Top 5 Hours for Ask Posts Comments
15:00: 38.59 average comments per post
02:00: 23.81 average comments per post
20:00: 21.52 average comments per post
16:00: 16.80 average comments per post
21:00: 16.01 average comments per post


The hour with the most average comments is 15:00. It receives 38.59 comments per post. The second hour which is convenient for posting is 02:00. It receives approximately 24 comments per post. However, there's about a 60% increase in the number of comments in the first hour compared to the second-highest hour.

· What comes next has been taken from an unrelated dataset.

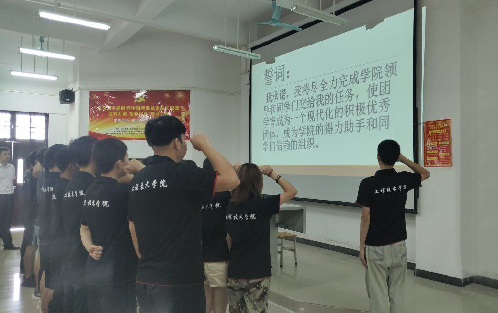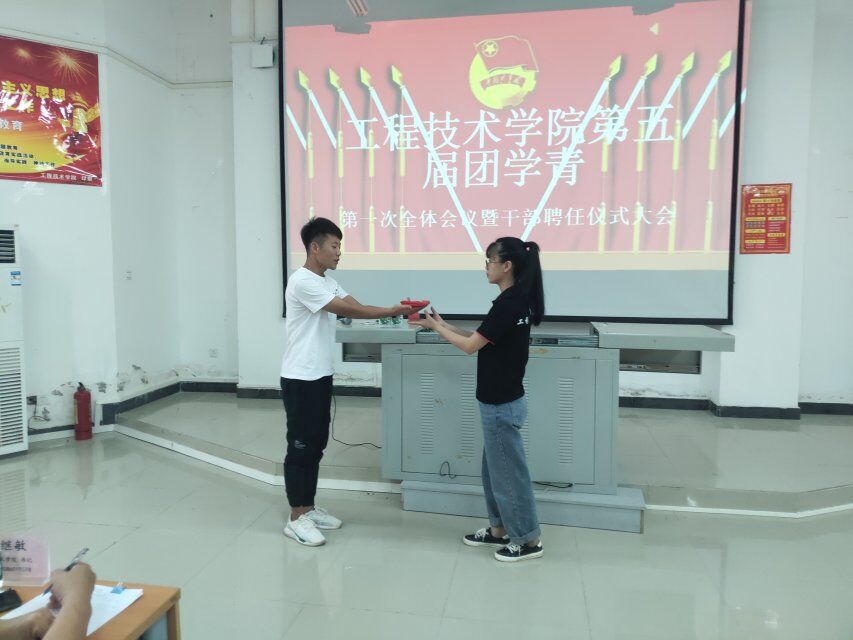 本次大会是由团学青青协会长蔡玉意主持,会议在全体人员起立奉唱中国共青团团歌的氛围中拉开了序幕,紧接着由员工会主席李云飞致辞,对新一届团学青干部的祝贺以及进行授旗仪式。在充满活力的致辞后,由团总支书记周恺老师郑重宣布新一任工程技术公司第五届团学青干部任职名单,并致辞。最后是振奋人心的时刻,在场领导为新一任员工干部颁发聘书环节。紧接着由公司团学青新任主席叶俊男代表发言表示:所有员工干部会尽其员工干部的职责为新老员工服务。随后由党总支书记陈继敏、党总支副书记陈亚芳发表讲话,话中回顾了公司的获奖史,强调了员工干部的重要性,从而希望各员工干部能积极引导其他员工,并丰富校园生活及锻炼各方面能力。大会最后在一片慷慨激昂的宣誓词中落下了帷幕。

According to the set documentation - https://www.kaggle.com/hacker-news/hacker-news-posts, the timezone used is Eastern Time in the US.

## 8. Conclusion

In this guided project, we analyze Ask HN and Show HN posts in reduced Hacker News data set. Ask HN posts are submitted when users want to ask a certain question. Show HN posts are submitted when users want to show the community generally something interesting. We aimed to find which of these posts are likely to receive more comments. Since we found that ask posts receive more comments on average than show posts, we continued further analysis only with ask posts. Here we found that posts created at 15:00 (Eastern Time zone) receive the most comments on average.